▶ **DESCRIPTION OF THE TASK**
Below are records with pictures in them. Transcribe everything from the line containing "Each year, the" down to the line containing "еще и президент", exactly, and leave the pictures behind.

▶ **AVAILABLE DATA**
◇ ◇ ◇ ◇

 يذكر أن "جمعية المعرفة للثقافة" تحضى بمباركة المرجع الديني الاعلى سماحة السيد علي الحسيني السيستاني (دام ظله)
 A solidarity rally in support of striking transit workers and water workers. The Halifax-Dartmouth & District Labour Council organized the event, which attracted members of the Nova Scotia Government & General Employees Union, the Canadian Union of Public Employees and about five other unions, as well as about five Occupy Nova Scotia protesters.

◇ ◇ ◇ ◇

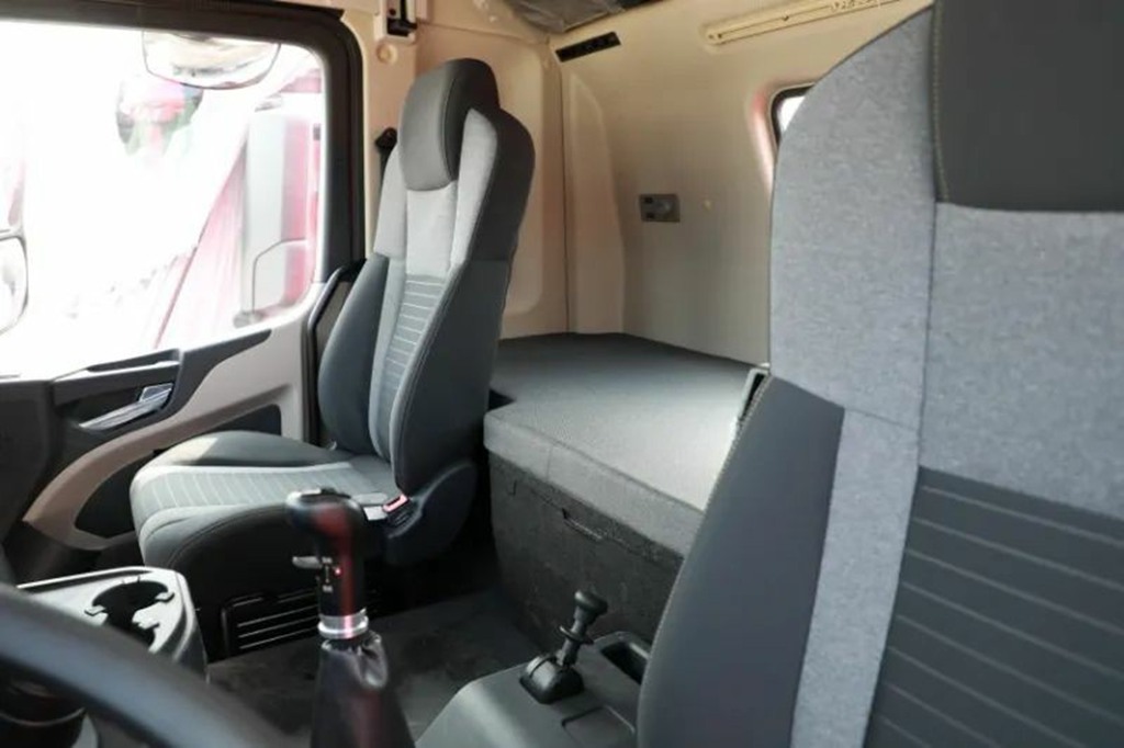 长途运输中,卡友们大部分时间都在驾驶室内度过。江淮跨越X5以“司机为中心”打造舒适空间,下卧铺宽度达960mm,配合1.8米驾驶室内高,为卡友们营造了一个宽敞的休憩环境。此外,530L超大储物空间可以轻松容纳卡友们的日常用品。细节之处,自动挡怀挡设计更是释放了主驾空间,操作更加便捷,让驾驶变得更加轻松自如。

◇ ◇ ◇ ◇

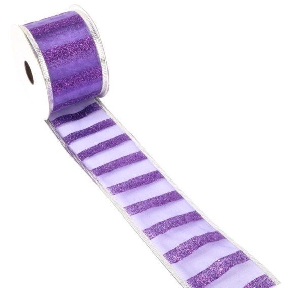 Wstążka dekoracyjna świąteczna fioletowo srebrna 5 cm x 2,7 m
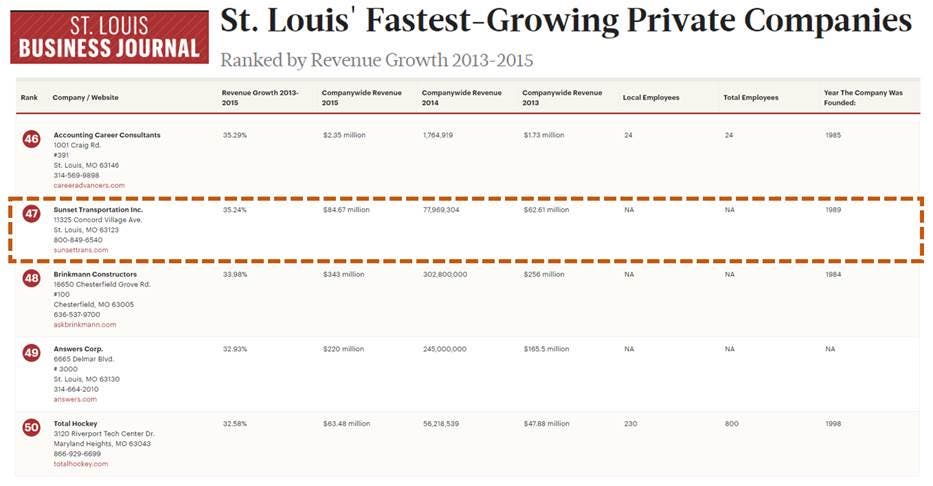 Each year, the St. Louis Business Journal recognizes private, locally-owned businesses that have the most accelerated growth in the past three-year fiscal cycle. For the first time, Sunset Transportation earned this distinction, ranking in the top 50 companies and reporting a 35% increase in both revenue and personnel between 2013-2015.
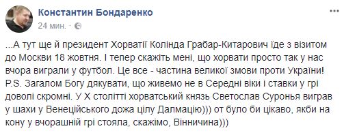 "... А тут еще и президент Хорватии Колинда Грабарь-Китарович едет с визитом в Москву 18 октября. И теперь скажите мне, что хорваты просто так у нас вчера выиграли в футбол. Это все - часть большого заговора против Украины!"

◇ ◇ ◇ ◇

▶ **ANSWER SECTION**
 Each year, the St. Louis Business Journal recognizes private, locally-owned businesses that have the most accelerated growth in the past three-year fiscal cycle. For the first time, Sunset Transportation earned this distinction, ranking in the top 50 companies and reporting a 35% increase in both revenue and personnel between 2013-2015.
 "... А тут еще и президент Хорватии Колинда Грабарь-Китарович едет с визитом в Москву 18 октября. И теперь скажите мне, что хорваты просто так у нас вчера выиграли в футбол. Это все - часть большого заговора против Украины!"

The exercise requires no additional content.